GST rise would push rates up

Ratepayers across Otago face the possibility of unscheduled rates hikes within months if the Government confirms plans to lift GST as high as 15%.

The warning came from most Otago councils yesterday, after Dunedin City Council finance and corporate support general manager Athol Stephens highlighted the likely effect of an expected GST hike.

Mr Stephens told reporters the full picture would not be revealed until the Government unveiled its Budget in May, but Finance Minister Bill English had already given a "strong indication" GST was likely to rise.

The increase was expected to be up to 2.5% to 15% as part of tax changes to be introduced later this year, Mr Stephens said.

If confirmed, the hike was expected to be in place from October 1.

In Dunedin, the increase would add an additional 1.67% to city council rates forecasts for the 2010-11 financial year, taking the rise from 5.3% to 6.97%, he said.

A further 0.55% jump would occur in 2011-12, from 9% to 9.55%.

Following years would remain unchanged, but council fees and charges - such as the cost of registering a dog - were also likely to rise, he said.

The increases could also be repeated across Otago and force the Otago Regional Council to reconsider plans for general rates to stay the same for 2010-11.

ORC corporate services director Wayne Scott said it was too early to speculate on the effect of a GST hike, but generally "if GST goes up, so do the rates".

Clutha District Council chief executive Charles Hakkaart said staff were still scrutinising the possible impact, but confirmed a GST hike to 15% would add to the 2010-11 rates bill, at present forecast for a 3.66% rise.

Waitaki District Council corporate services manager Stephen Halliwell said the impact of any increase in GST remained uncertain and staff were awaiting clarification before calculating changes to the 1.8% rates rise already forecast for 2010-11.

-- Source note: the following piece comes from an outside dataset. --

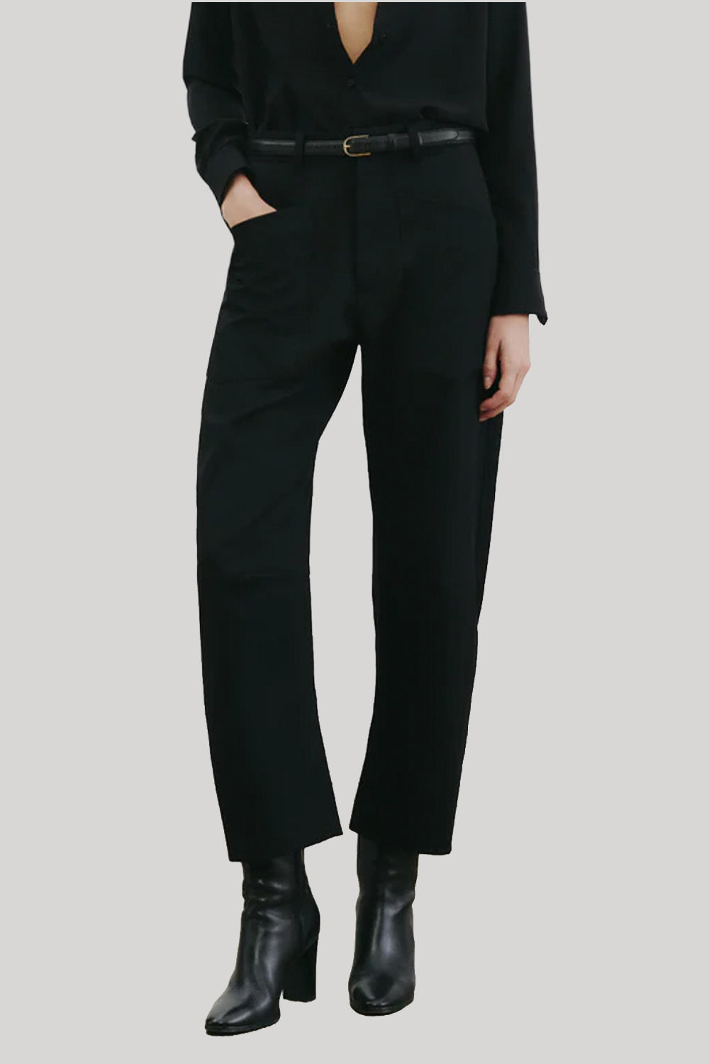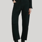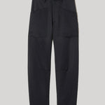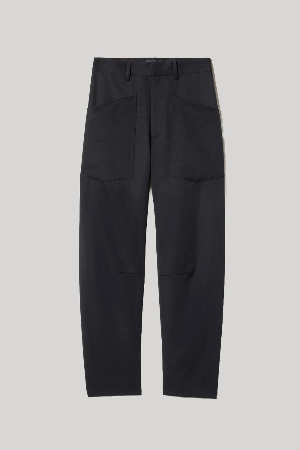 Mid-rise, relaxed fit barrel leg pant. Uniquely curved silhouette. Seam detail at knees. Gusset at inseam. Zip fly. Hidden hook-and-bar closure. Hidden stay button closure. Top-stitched front and back patch pockets. Belt loops.

However, some council fees and charges set to increase on July 1 had been deferred until plans for GST were confirmed, and in other areas - such as $2 parking meter charges - the council had already absorbed the extra cost in the meantime, he said.

Central Otago District Council corporate services manager Susan Finlay said the council's forecast rates increase - set at 7% in the council's 2010-11 draft plan - would be "amended accordingly" if GST climbed.

A warning about the possible hike had been included in the council's draft annual plan.

Queenstown Lakes District Council finance manager Stewart Burns said while details were yet to be confirmed, raising the GST rate would mean higher rates.

Council charges would also have to rise, but the council's overall revenue would not be affected, he said.

The same issues would be faced by Lakes Environmental and Lakes Leisure.

While raising GST was yet to be confirmed, it appeared likely, Mr Stephens said.

Mr English had hinted "pretty strongly" an increase was coming, while Prime Minister John Key - who ruled out an increase during the 2008 election campaign - appeared to have been persuaded.

In February, Mr Key told Parliament an increase to "no more than 15%" was being investigated, with any change to be offset by personal tax cuts and benefit increases.

Mr Stephens said the Dunedin City Council wanted to alert ratepayers to likely changes to the 2010-11 draft annual plan, which was midway through a round of public consultation, with submissions due to close on April 12.

It was due to be adopted by the council in June, but GST changes would not see the process restarted.

The likely changes could still be considered during public hearings next month.

The only alternative to raising rates to cover the rise in GST would be to absorb the increase by cutting spending by the same amount, he said.

The cost of the council's planned capital expenditure programme - including the Forsyth Barr Stadium - would not be affected, as the council could claim back GST on capital projects, making increases "cash neutral", he said.

All the councils were working with the Society of Local Government Managers, which would discuss any changes to GST with the Government.

The talks would also help the Government understand how changes to GST partway through a financial year could complicate matters for councils trying to prepare budgets now, Mr Stephens said.

The council was planning a pro-rata rates increase for the 2010-11 year, based on a 12.5% GST rate for the first quarter and 15% for the remainder of the year, after GST changed on October 1, he said.


Councils' GST headache

- Government considering possible rise in GST to maximum 15%.
- Final decision expected with May Budget announcements.
- Any change expected to be in place on October 1.
- Most Otago councils warn raising GST will force them to raise rates.
- Uncertainty continues over how changes will be implemented.